In the present study, the prevalence of free-living amoebae and Acanthamoeba spp. in hospital dust from ENT, chemotherapy, and hemodialysis wards was 72.5% and 52.5%, respectively. The lowest rate of Acanthamoeba pollution was reported in the hemodialysis ward in the center of the city, while the highest rates were found in the ENT and chemotherapy wards, which lacked adequate health facilities. Also, water purification devices and sterilization/disinfection of hemodialysis ward were performed daily.
In previous studies, the prevalence of free-living amoebae in the immunodeficiency wards of hospitals was reported to be 52.9% (17) and 42.8% (18) in Tehran, Iran, respectively. On the other hand, the prevalence of Acanthamoeba spp. in hospital dust samples from Brazil was reported to be 23% (19), which is lower than the present study. Variations in geographic conditions, climate, and health facilities affect the incidence of Acanthamoeba. Kashan is a city situated near the desert. This region has low levels of rainfall and seasonal wind storms, which are followed by extreme dust storms. These conditions facilitate an increase in Acanthamoeba pollution and can explain the high prevalence of this parasite in our study.
The results of the present study showed that stagnant water samples were highly polluted with free-living amoebae. This finding is similar to the results of previous studies (80% - 88%) (10, 20). Moreover, in the current study, the prevalence of Acanthamoeba spp. in stagnant water samples was 50%, which is higher than the rates reported by other researchers from Iran (43%) (20) and Turkey (21%) (21). Furthermore, the results of sequencing revealed that most Acanthamoeba isolates belonged to T4 genotypes, followed by T5. In the present study, T4, T5, and T11 genotypes were identified in the soil. Another researcher has reported T3, T4, T5, and T11 genotypes in the soil of Iran (14). Reyes-Batlle et al. also found T4, T2, and T11 genotypes in soil samples from Spain (22).
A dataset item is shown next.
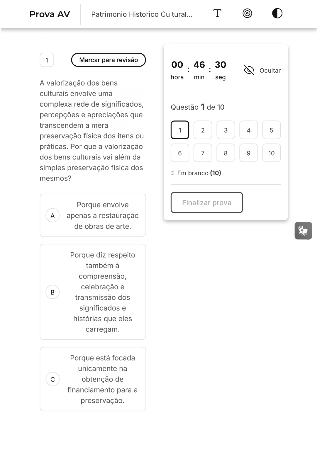 Prova AV Patrimonio Historico Cultural... T 1 Marcar para revisão 00 : 46 : 30 Ocultar hora min seg A valorização dos bens culturais envolve uma complexa rede de significados, Questão 1 de 10 percepções e apreciações que transcendem a mera 1 2 3 4 5 preservação física dos itens ou práticas. Por que a valorização 6 7 8 9 10 dos bens culturais vai além da simples preservação física dos Em branco (10) mesmos? Porque envolve Finalizar prova A apenas a restauração de obras de arte. Porque diz respeito também à compreensão, celebração e B transmissão dos significados e histórias que eles carregam. Porque está focada unicamente na C obtenção de financiamento para a preservação.Porque está relacionada apenas à D popularidade de um bem cultural. Porque envolve E apenas a preservação de bens materiais. 2 Marcar para revisão Em uma pequena cidade do interior, a população local luta pela preservação de uma antiga estação ferroviária, que, apesar de abandonada, representa um marco histórico e cultural importante para os moradores e tem potencial turístico. Considerando o texto, analise as afirmativas abaixo: I. A preservação do patrimônio cultural está atrelada apenas a fatores históricos, não possuindo relevância para a identidade local atual. II. A valorização do patrimônio cultural pode potencializar o turismo e a economia local. III. O conceito de patrimônio cultural está restrito a bens materiais, excluindo práticas e manifestações culturais.Assinale a opção que apresenta somente as alternativas corretas. Apenas a afirmativa A está correta. Apenas a afirmativa B está correta. Apenas as afirmativas C e III estão corretas. Apenas as afirmativas D e III estão corretas. As afirmativas I, e III E estão corretas. 3 Marcar para revisão Uma cidade planeja desenvolver o turismo cultural, focando em seus bens culturais materiais e imateriais. O projeto inclui rotas turísticas que destacam a arquitetura histórica e a culinária local. Qual aspecto é crucial para o sucesso deste projeto de turismo cultural?Promoção de eventos A esportivos. Enfoque em B tecnologias modernas. Educação patrimonial C dos visitantes. Priorização de D construções novas. Foco exclusivo em E bens materiais. 4 Marcar para revisão A participação da iniciativa privada, na construção da memória social, pautou-se pela organização de acervos de documentos corporativos, o que atendia também à competição natural entre empresas e a criação de imagens positivas junto à sociedade. Assinale a opção que confirma essa afirmação.A implantação de centro de documentação nas empresas não possibilitou apenas a produção da história empresarial, como também a ampliação A de trabalhos historiográficos, uma vez que muitos acervos foram colocados à disposição de pesquisadores externos. Os centros de memória de empresas B não estavam abertos ao público externo. Os documentos empresariais não C fazem parte da memória histórica da sociedade. As opções b e C se D completam. Apenas a opção b E corresponde à afirmação inicial.5 Marcar para revisão Uma pequena cidade no Nordeste brasileiro, rica em edificações do período colonial, busca estratégias para preservar e valorizar seu patrimônio histórico e cultural, considerando os desafios contemporâneos e a importância de manter viva a identidade local. Considerando o texto, analise as afirmativas abaixo. I. A preservação do patrimônio cultural colonial é vital para manter a identidade e a história local viva. II. modernismo desconsiderou o valor do patrimônio colonial brasileiro, buscando apenas inspiração internacional. III. As edificações coloniais brasileiras não possuem influência da mão de obra e materiais locais. Assinale a opção que apresenta somente as alternativas corretas Apenas a afirmativa A está correta Apenas a afirmativa B está correta Apenas a afirmativa III C está corretaAs afirmativas I, e III D estão corretas Apenas as afirmativas E e III estão corretas 6 Marcar para revisão A cidade de Pedra Antiga, reconhecida por sua rica história, foi incluída no Programa de Cidades Históricas. governo local busca entender melhor a coordenação e a trajetória desse programa. Com base no estudo de caso e no conteúdo apresentado, qual afirmação correta sobre a coordenação e a trajetória do Programa de Cidades Históricas (PCH) no Brasil? PCH esteve sob a coordenação A exclusiva do IPHAN desde sua criação. Entre 1973 e 1979, o PCH foi coordenado pela Secretaria de B Planejamento da Presidência da República.programa foi desenvolvido apenas C por entidades estaduais e municipais. PCH foi criado e D administrado por ONGs internacionais. A coordenação do E PCH nunca envolveu o governo federal. 7 Marcar para revisão instrumento jurídico criado por intelectuais, artistas e autoridades para tombar e, assim, proteger os bens de caráter extraordinário, reconhecidos como patrimônio no Brasil é: Decreto no 22 A 928/33. B Decreto-Lei 25/37. C Lei no 3.924/61.D Lei 6.292/75. Decreto no E 3.551/2000. 8 Marcar para revisão (UNAMA - SECULT/PA - 2007 - Adaptada) A relação turismo e cultura é intrínseca. Desde os primeiros registros de deslocamentos. tendo a cultura como motivação principal, em meados do século XVIII, nas viagens denominadas grand tours até a atualidade, as preferências e os gostos dos turistas alteraram-se. Foram incorporadas novas formas de ocupação do tempo livre e, especialmente, de relacionamento com a cultura dos visitados, levando à caracterização do segmento denominado turismo cultural (EMBRATUR, 2005). Sobre o turismo cultural, é correto afirmar:Compreende as atividades turísticas relacionadas à vivência do conjunto de elementos significativos do A patrimônio histórico e cultural e dos eventos culturais, valorizando e promovendo os bens materiais e imateriais da cultura. Está ligado diretamente aos B as

In the present study, T4, T5, T2, and T7 genotypes were isolated from hospital dust samples in Kashan. In addition, Niyyati found T4, T5, and T11 genotypes in hospital dust (9). All stagnant water samples belonged to T4 genotypes, which is in agreement with the results of previous studies (23, 24). Maghsood et al. also reported Acanthamoeba T4 and T2 genotypes in clinical isolates (25). Acanthamoeba spp. seems to be responsible for an increase in fatal diseases, such as amoebic encephalitis (26). Furthermore, Acanthamoeba T4 genotype is pathogenic and predominantly associated with amoebic keratitis (4, 27).
6. Conclusions
The results of this study showed that the prevalence of free-living amoebae and Acanthamoeba spp. in environmental sources, including soil, hospital dust, and stagnant water was higher in Kashan, compared to other areas of Iran and other countries. The most important Acanthamoeba genotype was T4 in the hospital dust samples of the immunodeficiency ward. This organism is pathogenic and responsible for amebic keratitis and GAE; therefore, health education and sanitation services are recommended for the prevention of these diseases.